List indications for urgent CT in suspected stroke
Reduced GCS or coma
On anticoagulants
Brainstem signs, bilateral signs, ‘locked-in’
Cerebellar stroke signs with headache or raised ICP symptoms
Severe headache
Stuttering onset
Immunocompromised
Unexplained fever
Signs of raised ICP
List contraindications to thrombolysis for management of stroke
Define TIA and stroke
Transient ischaemic attack – transient episode (less than 24 hours) of neurologic dysfunction caused by focal brain, spinal cord or retinal ischaemia, without acute infarction (no longer purely time based, even short ischaemia can result in pathological changes)
Stroke – clinical syndrome of presumed vascular origin characterised by rapidly developing signs of focal or global disturbance of cerebral functions which persist (longer than 24 hours) or leads to death
Describe initial assessment and management of TIA
Immediate management:
No longer use ABCD2 score
Give aspirin 300mg immediately, unless patient has bleeding disorder or is taking anticoagulant, patient is already taking low-dose aspirin regularly (continue this until reviewed by specialist) or aspirin is contraindicated
Specialist review:
If more than one TIA (crescendo TIA) or suspected cardioembolic source or severe carotid stenosis discuss need for admission or observation urgently with stroke specialist
If suspected TIA in past 7 days – assessment within 24 hours by specialist stroke physician
If suspected TIA over a week ago – specialist assessment within 7 days
CT brain not recommended unless suspicion of another diagnosis
MRI (including diffusion weighted and blood-sensitive sequences) preferred, on same day as specialist assessment
Urgent carotid doppler (unless not a surgical candidate)

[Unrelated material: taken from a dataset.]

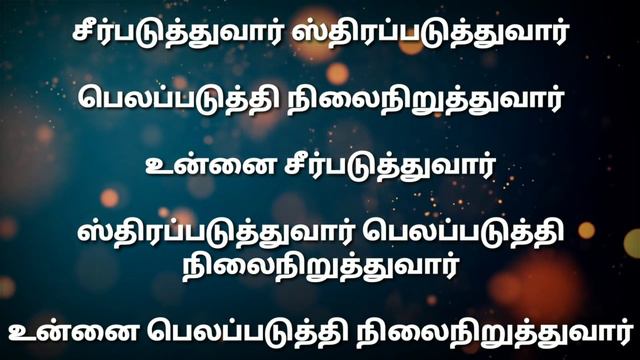 For wats app status video click below link https://youtu.be/0wuUFL3Rtc8 Please support us by subscription & sharing videos to friends....... இடம் கொள்ளாமல் பெருகச்செய்யும் தேவன் உன்னை இல்லாமல் செய்வேன் என்று சொன்னோர் முன் இடம் கொள்ளாமல் பெருகச்செய்யும் தேவன் நேராகும் வாய்ப்பில்லா உன் வாழ்வை சீராக மாற்றிட வருவாரே சீர்படுத்துவார் ஸ்திரப்படுத்துவார் பெலப்படுத்தி நிலைநிறுத்துவார் உன்னை சீர்படுத்துவார் ஸ்திரப்படுத்துவார் பெலப்படுத்தி நிலைநிறுத்துவார் உன்னை பெலப்படுத்தி நிலைநிறுத்துவார் 1) கொஞ்சகாலம் கண்ட பாடுகள் எல்லாமே பனிபோல உந்தன் முன்னே உருகிப்போகும் கொஞ்சகாலம் கண்ட பாடுகள் எல்லாமே பனிபோல உந்தன் முன்னே உருகிப்போகும் உன் கஷ்டங்கள் நஷ்டங்கள் எல்லாமே மாறும் உன் கஷ்டங்கள் நஷ்டங்கள் எல்லாமே மாறும் புது நன்மைகள் உன்னை சேரும் 2) மேன்மையை தடுக்க நின்ற கூட்டங்கள் எல்லாமே தேவன் உன் கூட என்று வணங்கி நிற்கும் மேன்மையை தடுக்க நின்ற கூட்டங்கள் எல்லாமே தேவன் உன் கூட என்று வணங்கி நிற்கும் உனை பகைத்தவர் தந்திட்ட காயங்கள் மாறும் உனை பகைத்தவர் தந்திட்ட காயங்கள் மாறும் உன் மேன்மை உன் கையில் சேரும் Pas. Gersson Edinbaro, Pas. Alwin Thomas, Pas. John Jebaraj, Bro. Samuel Dhinakaran, Bro. Benny Joshua, Sis. Stella Romola, Sis. Cherie Mitchelle

Driving rules for TIA/stroke
TIA
Don’t drive until seen by specialist
1 TIA – don’t drive for 1 month, no need to inform DVLA
Multiple TIAs – don’t drive for 3 months, need to notify DVLA
Stroke
Don’t drive for at least 1 month, may not need to inform DVLA
Can start driving after 1 month if made adequate clinical recovery, only need to inform DVLA if residual neurological deficit (particularly visual field defect, cognitive defect, impaired limb function)
Describe secondary prevention for TIA/stroke
Lifestyle modification
Ischaemic stroke/TIA:
Clopidogrel first-line (without AF)
Aspirin and modified release dipyridamole if clopidogrel contraindicated or not tolerated
Given long-term
High-intensity statin (e.g. atorvastatin)

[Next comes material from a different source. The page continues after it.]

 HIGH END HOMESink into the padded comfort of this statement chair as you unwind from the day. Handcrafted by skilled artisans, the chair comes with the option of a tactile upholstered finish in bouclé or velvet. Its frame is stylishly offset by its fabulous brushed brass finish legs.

Anti-hypertensives – target SBP less than 130mmHg (or 140-150 if severe bilateral carotid artery stenosis)
Anticoagulation in AF – DOAC (non-valvular) or warfarin (valvular)

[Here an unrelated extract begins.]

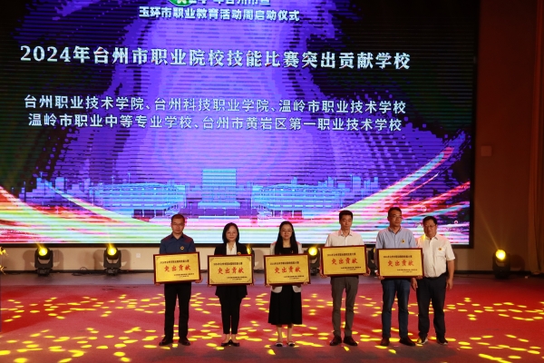 活動現場為2024年臺州市“面向人人”競賽文化課項目團體前六名、臺州市“面向人人”競賽專業課一等獎獲得者、臺州市中等職業學校(技師學院)技能大賽教學能力比賽一等獎獲得者、臺州市職業院校技能比賽突出貢獻學校頒獎。

Optimise management of comorbidities e.g. diabetes
Carotid artery stenosis:
Carotid artery endarterectomy recommended if patient has had stroke or TIA in carotid territory (extracranial internal carotid, ophthalmic artery, middle cerebral artery or anterior cerebral artery) and is not severely disabled
Considered if stenosis more than 70% according to European trial or 50% according to North American trial
Describe the cause and presentation of a subarachnoid haemorrhage
Causes:
Traumatic
Spontaneous –
Intracranial aneurysm (85%), associated with hypertension, PKD, Ehlers-Danlos, coarctation of the aorta
AV malformations
Pituitary apoplexy
Mycotic (infective) aneurysm
‘Thunderclap’ headache – acute onset, reaches peak intensity within seconds-minutes, occipital, severe (worst headache of life)
Nausea and vomiting
Photophobia
Neurological symptoms – dysphasia, weakness, visual disturbance, seizures
Reduced consciousness
Neck stiffness
Kernig’s sign – pain with passive knee extension when lying supine and hips and knees flexed
May have ECG changes e.g. ST elevation
How are subarachnoid haemorrhages assessed initially?
Investigation:
Non-contrast CT head first-line – hyperdense blood in basal cisterns, sulci, ventricular system
If CT head done within 6 hours of symptom onset and is normal, consider alternative diagnosis
If CT head done more than 6 hours after symptom onset and is normal – do an LP at least 12 hours after symptom onset
LP – xanthochromia, normal/raised opening pressure
If CT shows evidence of SAH immediate referral to neurosurgery
Further investigation:
CT angiogram to identify vascular lesion +/- digital subtraction angiogram (catheter angiogram)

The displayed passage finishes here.